Anders Carlsson and Sam Weinig made the announcement for Apple, and in that announcement, they acknowledged the work done by Google’s Chrome team, which already had added their own version of split processes to the engine. Google’s Chrome also uses WebKit, but under its own tree called Chromium WebKit.

“This model is similar to what Google Chrome offers,” Messrs. Carlsson and Weinig wrote to an e-mail list, “with the major difference being that we have built the process split model directly into the framework, allowing other clients to use it.”

On the WebKit2 Wiki page, it is explained further that Google’s implementation is a different layer than in WebKit2, which makes it impossible for other users of the open source engine to use.

According to the Wiki, “The Chrome team at Google did a great job at trailblaizing multiprocess browsing with Chrome.

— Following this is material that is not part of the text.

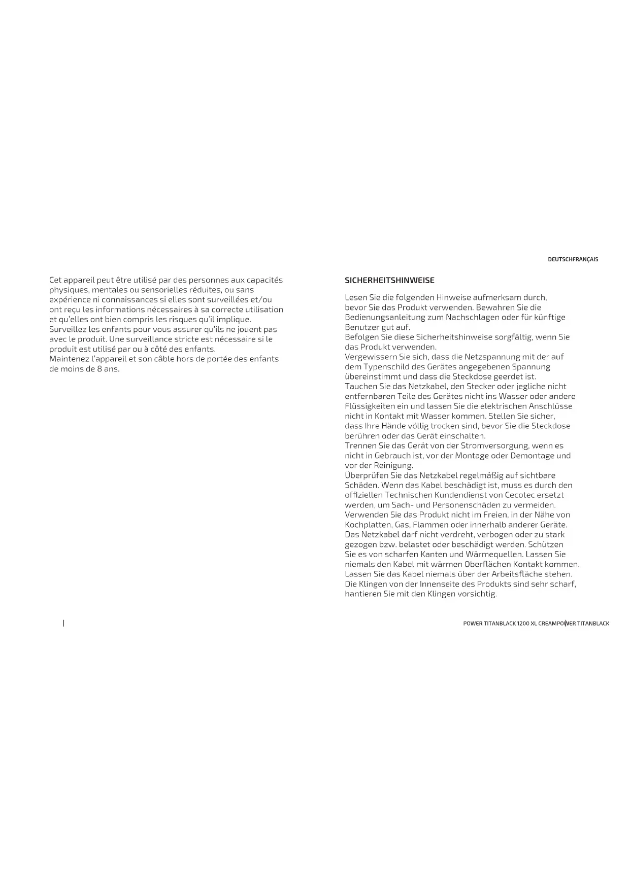 Veuillez lire les instructions suivantes avec attention avant d’utiliser l’appareil. Gardez bien ce manuel pour de futures références ou pour tout nouvel utilisateur. Veuillez suivre ces instructions de sécurité très attentivement lorsque vous utilisez l’appareil. Assurez-vous que le voltage du réseau coïncide avec le voltage spécié sur l’étiquette de classication de l’appareil et que la prise possède une connexion à terre. Ne submergez pas le câble, la prise ni aucune autre partie de l’appareil dans de l’eau ni dans aucun autre liquide, ni n’exposez les connexions électriques à l’eau. Assurez-vous d’avoir les mains complètement sèches avant de toucher la prise ou d’allumer l’appareil. Débranchez l’appareil de la prise de courant avant de le nettoyer, avant de le monter ou démonter, ou si vous n’allez plus l’utiliser. Inspectez le câble d’alimentation régulièrement pour rechercher des dommages visibles. S’il présente des dommages, il doit être réparé par le Service Après-Vente Ofciel de Cecotec pour éviter tout type de danger. N’utilisez pas l’appareil en extérieur, près de plaques électriques ou à gaz, près de ammes ni dans des fours. Ne tordez pas, ne pliez pas, n’étirez pas et n’abîmez pas le câble d’alimentation. Protégez-le des bords pointus et des sources de chaleur. Ne laissez pas le câble toucher les surfaces chaudes. Ne laissez pas le câble dépasser de la surface de travail ou du plan de travail. Les lames à l’intérieur du produit sont très aiguisées, manipulez-les avec soin pour éviter de vous couper. Assurez-vous que le voltage du réseau coïncide avec le voltage spécié sur l’étiquette de classication de l’appareil et que la prise possède une connexion à terre.POWER TITANBLACK 1200 XL CREAMPOWER TITANBLACK 1200 XL CREAM 1312 DEUTSCHFRANÇAIS SICHERHEITSHINWEISE Lesen Sie die folgenden Hinweise aufmerksam durch, bevor Sie das Produkt verwenden. Bewahren Sie die Bedienungsanleitung zum Nachschlagen oder für künftige Benutzer gut auf. Befolgen Sie diese Sicherheitshinweise sorgfältig, wenn Sie das Produkt verwenden. Vergewissern Sie sich, dass die Netzspannung mit der auf dem Typenschild des Gerätes angegebenen Spannung übereinstimmt und dass die Steckdose geerdet ist. Tauchen Sie das Netzkabel, den Stecker oder jegliche nicht entfernbaren Teile des Gerätes nicht ins Wasser oder andere Flüssigkeiten ein und lassen Sie die elektrischen Anschlüsse nicht in Kontakt mit Wasser kommen. Stellen Sie sicher, dass Ihre Hände völlig trocken sind, bevor Sie die Steckdose berühren oder das Gerät einschalten. Trennen Sie das Gerät von der Stromversorgung, wenn es nicht in Gebrauch ist, vor der Montage oder Demontage und vor der Reinigung. Überprüfen Sie das Netzkabel regelmäßig auf sichtbare Schäden. Wenn das Kabel beschädigt ist, muss es durch den ofziellen Technischen Kundendienst von Cecotec ersetzt werden, um Sach- und Personenschäden zu vermeiden. Verwenden Sie das Produkt nicht im Freien, in der Nähe von Kochplatten, Gas, Flammen oder innerhalb anderer Geräte. Das Netzkabel darf nicht verdreht, verbogen oder zu stark gezogen bzw. belastet oder beschädigt werden. Schützen Sie es von scharfen Kanten und Wärmequellen. Lassen Sie niemals den Kabel mit wärmen Oberächen Kontakt kommen. Lassen Sie das Kabel niemals über der Arbeitsäche stehen. Die Klingen von der Innenseite des Produkts sind sehr scharf, hantieren Sie mit den Klingen vorsichtig. Cet appareil peut être utilisé par des personnes aux capacités physiques, mentales ou sensorielles réduites, ou sans expérience ni connaissances si elles sont surveillées et/ou ont reçu les informations nécessaires à sa correcte utilisation et qu’elles ont bien compris les risques qu’il implique. Surveillez les enfants pour vous assurer qu’ils ne jouent pas avec le produit. Une surveillance stricte est nécessaire si le produit est utilisé par ou à côté des enfants. Maintenez l’appareil et son câble hors de portée des enfants de moins de 8 ans.POWER TITANBLACK 1200 XL CREAMPOWER TITANBLACK 1200 XL CREAM 1514 DEUTSCH DEUTSCH Das Gerät darf von Kindern unter 8 Jahren nicht benutzt werden. Dieses Gerät kann von Kindern ab 8 Jahren benutzt werden, wenn sie beaufsichtigt werden. Dieses Produkt kann von Kindern ab 8 Jahren und Personen mit eingeschränkten körperlichen, sensorischen oder geistigen Fähigkeiten oder mit mangelnder Erfahrung und Kenntnissen verwendet werden, wenn sie in der sicheren Anwendung des Geräts beaufsichtigt oder unterwiesen werden und die damit verbundenen Risiken verstehen. Beaufsichtigen Sie Kinder, um zu verhindern, dass sie mit dem Gerät spielen. Eine besondere genaue und konsequente Beaufsichtigung ist geboten, wenn das Gerät in der Nähe von Kindern verwendet wird. Bewahren Sie das Gerät auberhalb der Reichweite von Kinder unter 8 Jahre auf. Vergewissern Sie sich, dass die Netzspannung, mit der auf dem Typenschild des Gerätes angegebenen Spannung übereinstimmt und dass die Steckdose geerdet ist. Schließen Sie das Gerät erst dann an die Stromversorgung an, wenn alle Teile zusammengebaut sind, und vergewissern Sie sich, dass der Netzstecker ausgezogen ist, bevor Sie Teile entfernen oder die Klinge handhaben. Geben Sie keine heißen Zutaten in das Gerät ein. Dieses Produkt ist nur zur Nutzung in privaten Haushalt bestimmt. Verwenden Sie den Mixer nicht länger als 1 Minute und verarbeiten Sie harte Lebensmittel nicht länger als 10 Sekunden auf einmal. Fügen Sie keine Gegenstände in den Produkt beim Betrieb hinzu, um Schäden und Verletzungen zu verhindern. Seien Sie vorsichtig. Seien Sie besonders vorsichtig mit den Klingen beim Entleeren des Behälters und beim Reinigen des Produkts. Dieses Produkt kann von Kindern ab 8 Jahren und Personen mit eingeschränkten körperlichen, sensorischen oder geistigen Fähigkeiten oder mit mangelnder Erfahrung und Kenntnissen verw

But it’s difficult to reuse their work, because the critical logic for process management, proxying between processes and sandboxing is all part of the Chrome application, rather than part of the API layer”

Apple will soon be releasing patches for the new engine to the open source community, and the e-mail posting said that WebKit2 is currently available for Mac OS X and Windows. “We would gladly accept patches to add more ports,” Apple’s developers said.

There is no official word yet on when we’ll see changes based on WebKit2 enter Safari for Mac, Windows, iPod, iPhone, or iPad.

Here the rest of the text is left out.